Strongly recommended against. The larva's body wall ruptures easily and releases proteins that can cause fatal anaphylaxis. Even if removal looks successful, retained mouthparts or anchoring hooks remain in the pocket and reliably trigger chronic infection. Veterinary removal under sedation costs roughly the price of a single uncomplicated office call and reliably gets the entire larva out intact.
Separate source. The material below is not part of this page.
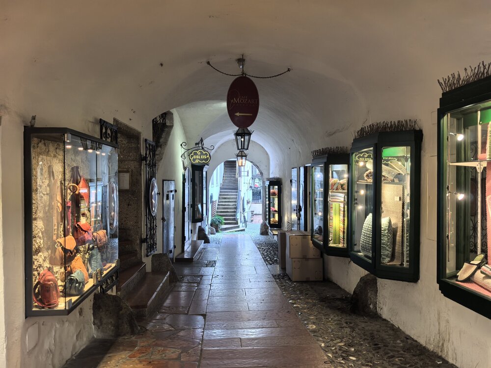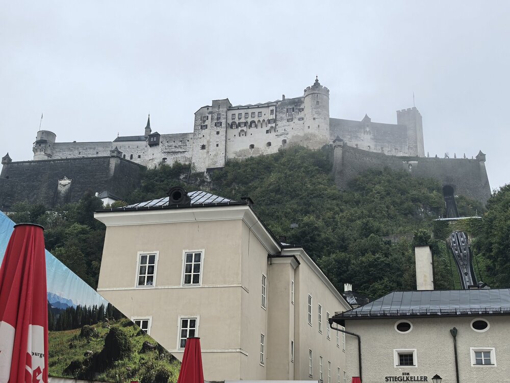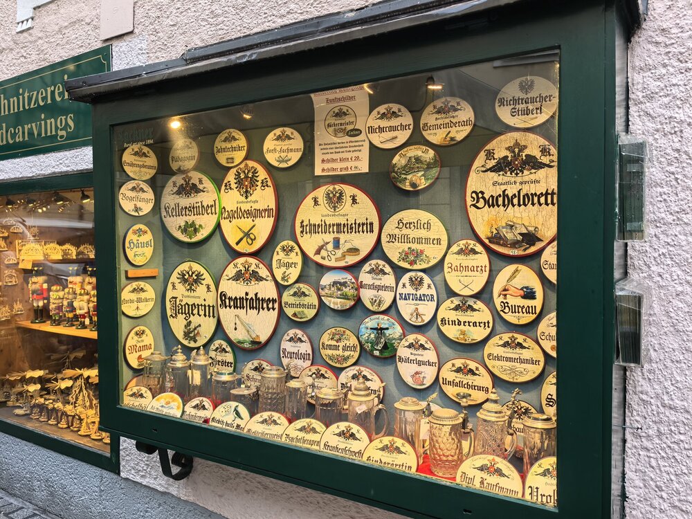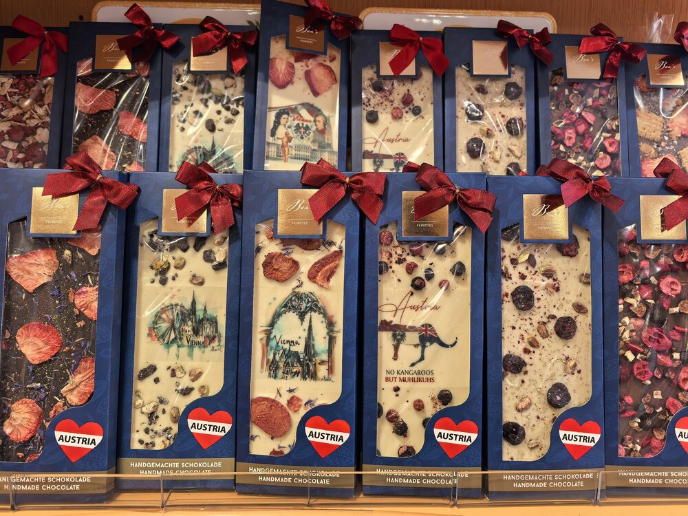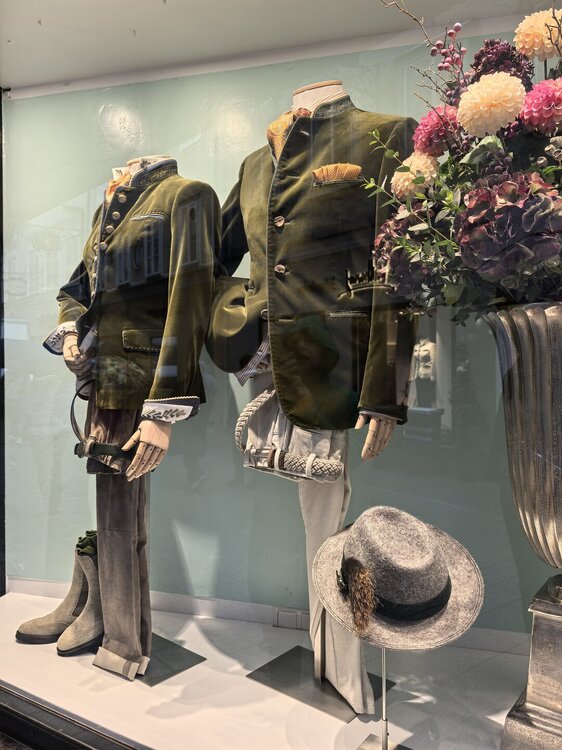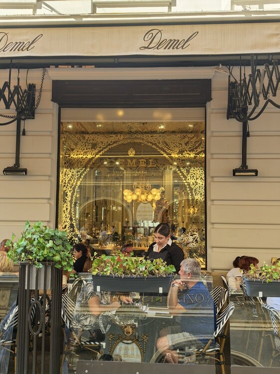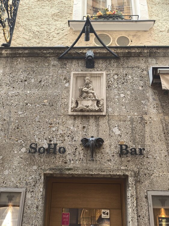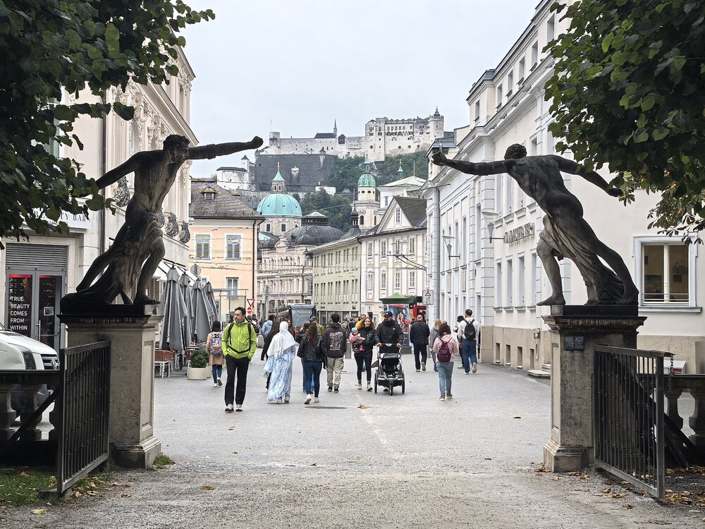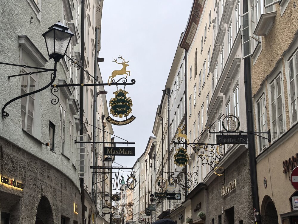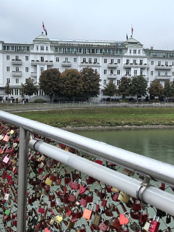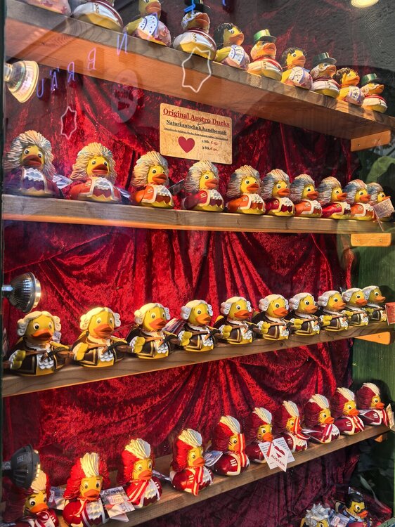 Мы уходим в историческую застройку Зальцбурга, она же торговая. Это мы любим)) А какие витрины манящие! Да ещё хитрые зальцбурчане сделали свои торговые ряды дожде-непроникаемыми. Мальчики могут немного пролистнуть, девочки, смотрим витрины. Мне очень понравилось!) Образ для городского мужчины-охотника)) Ну и всякая всячина. Тут можно и мужчинам посмотреть. Особенно на такие бутылконосители. И руки свободны, и пиво рядом. А это, судя по подтяжкам, одежда для пивного фестиваля как раз)) В одном из сувенирных магазинов встретила магнитики в виде таких часов. Моцарт был бы в шоке... От коммерции тут никуда не деться, а вывески они сделали не менее завораживающими. В Зальцбурге очень узкие улочки, поэтому дома за тобой подсматривают И смотрят сверху вниз А вот и он, дом Моцарта И кафе... Да, то самое, аутентичное, в котором придумали те самые круглые конфеты с изображением Моцарта. Они в серебряно-синей упаковке. Даже если вы купите две конфетки, вам их красиво упакуют. Одна конфетка стоит 2 евро, их можно купить поштучно. К слову упаковка подобных конфет с моцартом в Лидл стоила мне 2,59 евро. НО... Оригинальные конфеты с несколькими пралине, я бы не сказала что там чувствуется марципан, а конфеты из Лидл чистый марципан. Оригинальные конфеты делаются вручную, насаживаются на деревянную палочку и окунаются в шоколад с 60% содержанием какао. Потом это техническое отверстие заполняется шоколадом. Такие конфеты с пупочком получаются. В этом кафе мы решили немного отдохнуть и погреться, это было очень правильное решение. Мой совет, идите сразу на второй этаж, там почти никого нет, а на первое этаже очень шумно. К вам и там подойдут и спросят что вы хотите заказать. Сфотографировала меню для участников форума. Я выбирала десерт по красоте, которую оценила на первом этаже на витрине. Десерты от 5 евро. По поводу этого могу сказать, что коржики весьма твердые, что создает трудности при еде. Но вкусно. В общем кафе нам очень понравилось, уютно и вкусно посидели, обсудили увиденное. Вокруг кафедрального собора была ярмарка, было шумно и весело и, конечно, было много людей. Что изменилось в отрицательную сторону, так то что вход в Собор стал платный. Мы гуляли там абсолютно бесплатно до пандемии, там крестили Моцарта, да и вообще красивый храм, конечно. VID_20250924_100021.mp4 Группа уехала на фуникулере к замку, в небеса и туман, мы же остались здесь. Не знаю, почему-то никак не доберусь до этого замка. Ну погода же... ну не то. В Татрах так шли на верх горы, чтобы посмотреть на Морске око с высоты, а на половине пути обернулись, а там молочная пелена, никаких тебе очей морских))) В общем опять как-то не сложилось, надо возвращаться досматривать)) Какие-то знакомые буквы я там увидела)) VID_20250924_100749.mp4 Конечно, я попробовала этот брецель. Настоящий брецель. Печатный пресс?.. Станком не назовешь)) Позже увидим в Словении такое развлечение для туристов. На площади играли очень веселые музыканты. Не знаю насчет их веселой луши, но допинг у них точно был))) в перерывах они этого и не скрывали. Но, как обычно, только я достаю камеру снимать, так все смолкают.)) VID_20250924_120208.mp4 0% процентов осуждения, 100% понимания. В такой холод в такой одежде сидеть на одном месте сложновато. Немного погуляли подземными ходами Зальцбурга, находящимися в горе. Судя по запаху тут где-то расположена скрытая парковка. И рядом

How much does Cuterebra removal cost?

Initial vet exam typically runs $50 to $150 in the US. Sedated removal with debridement and flush adds $150 to $400 depending on lesion location and number. Antibiotics for secondary infection run $20 to $80. Recheck visits are typically $40 to $90. If CNS migration is suspected, MRI is $1,500 to $3,000 and hospitalization can reach $2,500 to $5,000+. Catching it as a simple skin warble is dramatically cheaper than treating a CNS migration.

Is Cuterebra contagious to dogs, other cats, or humans?

No. Cuterebra cannot be transmitted from one infected animal to another. Each infestation requires direct contact with the egg-bearing environment, almost always near rodent or rabbit burrows outdoors. A cat with a warble cannot infect housemates. Humans are very rarely accidentally infested, almost always after direct prolonged outdoor exposure rather than contact with a pet.

Will the lump go away on its own if left alone?

The mature larva will eventually exit and the pocket will close, but the process can take 30 days and carries risk of secondary infection, sepsis, and rarely larval migration to atypical sites. Owners who wait sometimes find the larva exits at night and leaves a chronic draining wound that takes weeks to heal. Prompt removal is faster, safer, and far less expensive than waiting.

My indoor-only cat has a lump like this — could it still be Cuterebra?

Possible but unusual. Strictly indoor cats with no access to porches, garages, or open windows essentially never get Cuterebra. A lump on an indoor cat is more likely to be an abscess, cyst, mast cell tumor, lipoma, fibrosarcoma, or other dermatologic process. Any new lump on a cat deserves veterinary evaluation regardless of indoor or outdoor status.